W reprezentacji Polski zadebiutował w kwietniu podczas turnieju kwalifikacyjnego do IO, gdy kontuzjowany był jeden z asów kadry Mariusz Jurkiewicz. Gdy wtedy zjawił się na obozie kadry, ważył... 104 kg.
3 kilogramy za dużo
- Trener Dujszebajew uznał, że to za dużo i polecił mi zrzucić 3 kg - opowiada "Giera". - Nie było łatwo, bo lubię dobrze zjeść, a do kawy zawsze muszę wziąć coś słodkiego. Gdy na tamtym zgrupowaniu sięgałem po jakiś deser, to trener mierzył mnie takim wzrokiem, że od razu... odechciało mi się słodyczy - śmieje się.
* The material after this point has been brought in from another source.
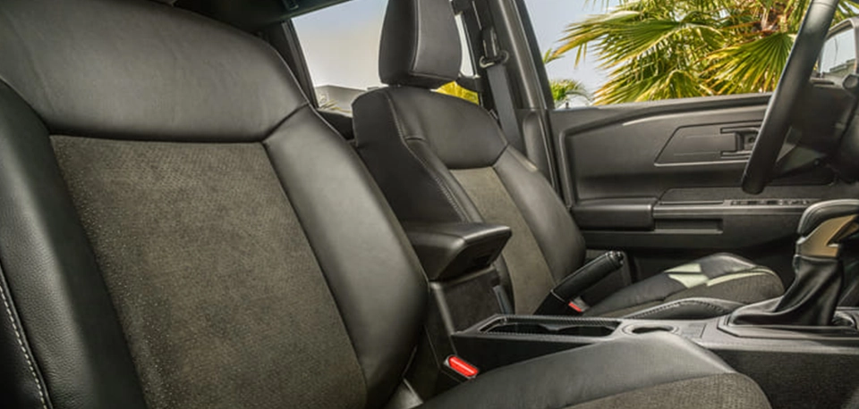 - Bancos com revestimento em suede perfurado e couro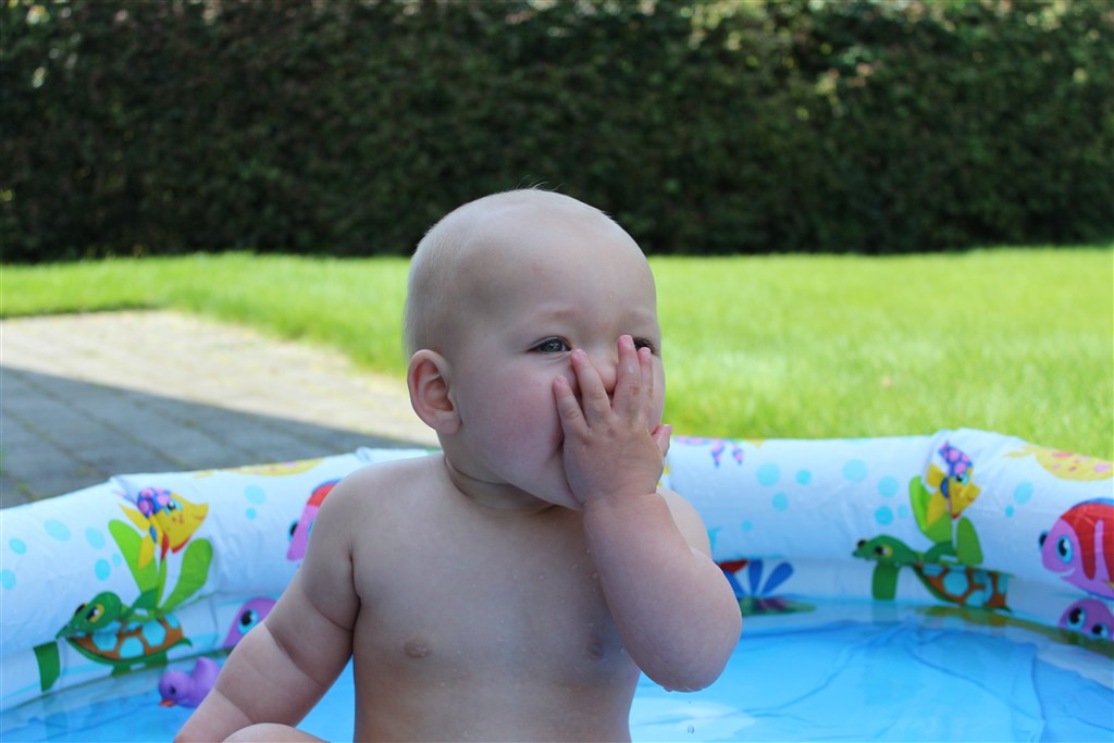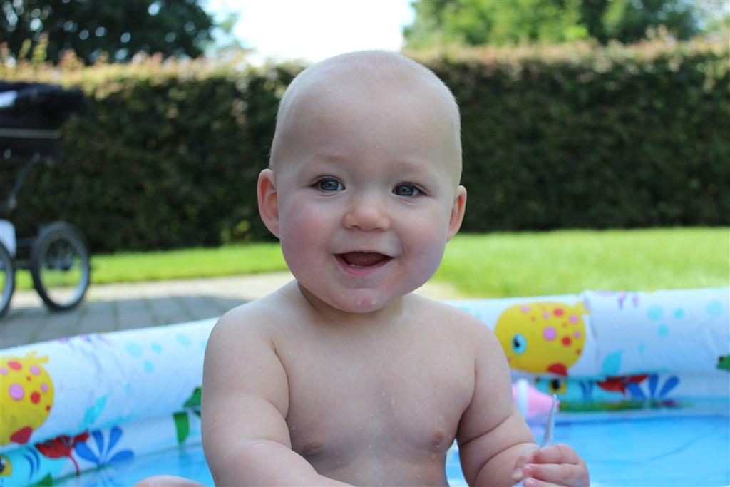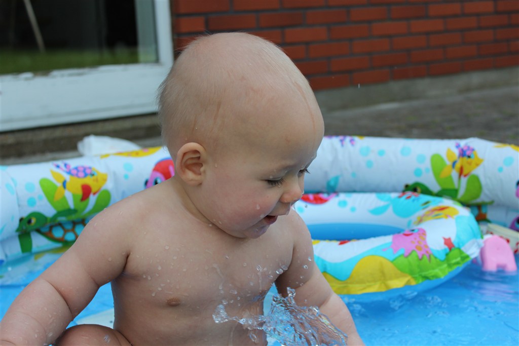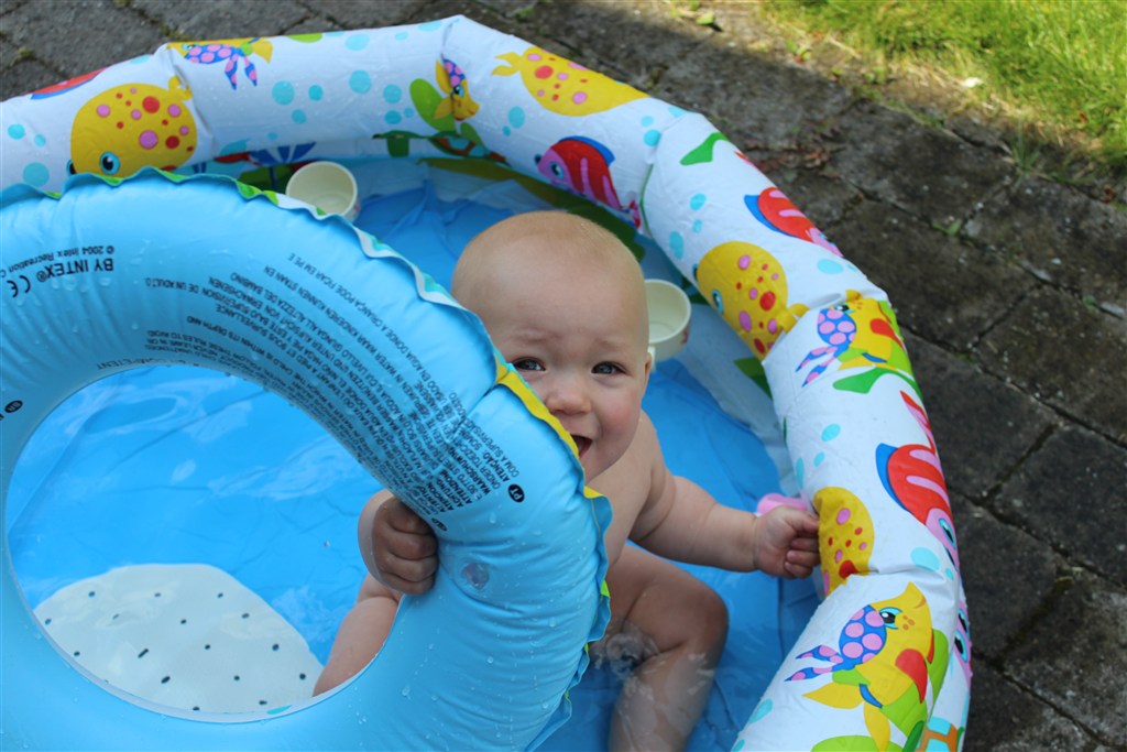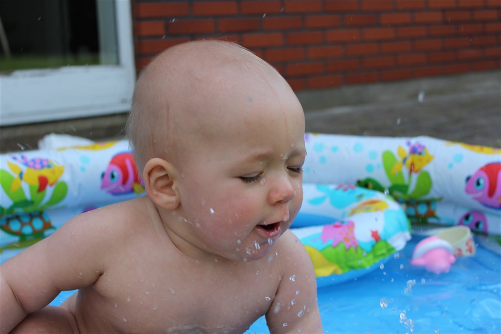 I onsdags, hvor der var rigtig varmt, var Freja en tur i badebassin for 1. gang. Det rå-hyggede hun sig bare med.

Pod bacznym okiem Dujszebajewa schudł do 99 kg. - W kadrze bardzo profesjonalnie podchodzi się do spraw odżywiania i diety, czego wcześniej nie zauważyłem w klubach - dodaje zawodnik szczecińskiej Pogoni.
Sto procent na treningu
Wcześniej raz był powołany do kadry (w 2012 roku przez trenerów Waszkiewicza i Wleklaka na mecz z Litwą), ale nie zagrał nawet minuty. Dopiero Dujszebajew dostrzegł w nim piłkarza mogącego grać w reprezentacji na środku lub lewym rozegraniu. - Na każdym treningu podczas obozu w Arłamowie dawałem z siebie Sto procent. Miałem przeczucie, że dostanę powołanie, ale gdy ogłoszono, że jadę na igrzyska... lekkie zaskoczenie było - przyznaje Łukasz, który dostał nominację kosztem Piotra Chrapkowskiego.
- Ale bardziej ode mnie nominacją zaskoczona była narzeczona Judyta. Gdy usłyszała o tym, wybuchła wielką radością - opowiada.
Judyta dokładnie śledzi karierę narzeczonego i jest jego... masażystką, bo na co dzień pracuje w tym zawodzie. - Marzenia się spełniają, tylko trzeba w nie wierzyć i ciężko pracować - mówi Gierak, dla którego ostatnie miesiące są rzeczywiście jak z bajki. W maju znalazł nowy klub (Tus N-Lubbecke), w czerwcu urodził mu się drugi syn, a teraz dostał nominację olimpijską.
- Co dalej ? Czas na medal w Rio - kończy Gierak.